If you raise Black Offset, you can add “flaring” to the image, similarly to how light flaring within a lens
might lighten the darkest part of the image.
(Left) The original image, (Right) Raising Black Offset in order to add flaring to the darkest pixels of the image
Alternately, you can lower Black Offset to lower the very darkest pixels in the image. If the source
image is dark enough, this control can lower the darkest pixels below 0, however this image detail is
preserved in the color image processing pipeline
The most important thing to understand about this control is that level to which you set Black Offset
becomes the new level at which Global exposure adjustments are made. In the following example, the
first image shows the original color of a clip that was exposed to be dark.

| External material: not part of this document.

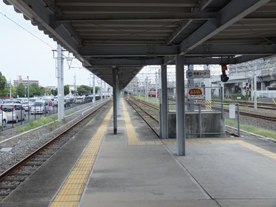 1番線(写真右側)は駅舎に隣接しているホームで,下り列車が主に発着します。1番線の向かいは3番線ホームです。

In the second image, Black
Offset is adjusted to raise the darkest parts of the image, compressing them relative to the midtones
and introducing a pleasing flaring effect to the shadows.
(Left) The original image; (Right) The image with Black Offset raised
In the following image, Global Exposure is raised, and you can see in the Waveform scope that the
exposure change stretches the contrast of the image up, with the darkest pixels “locked” to the Black
Offset you set.
(Left) Before, (Right) After raising Global Exposure to stretch image contrast out from the Black Offset level;
notice that the bottom of the signal continues “touching” the same level after global exposure is raised.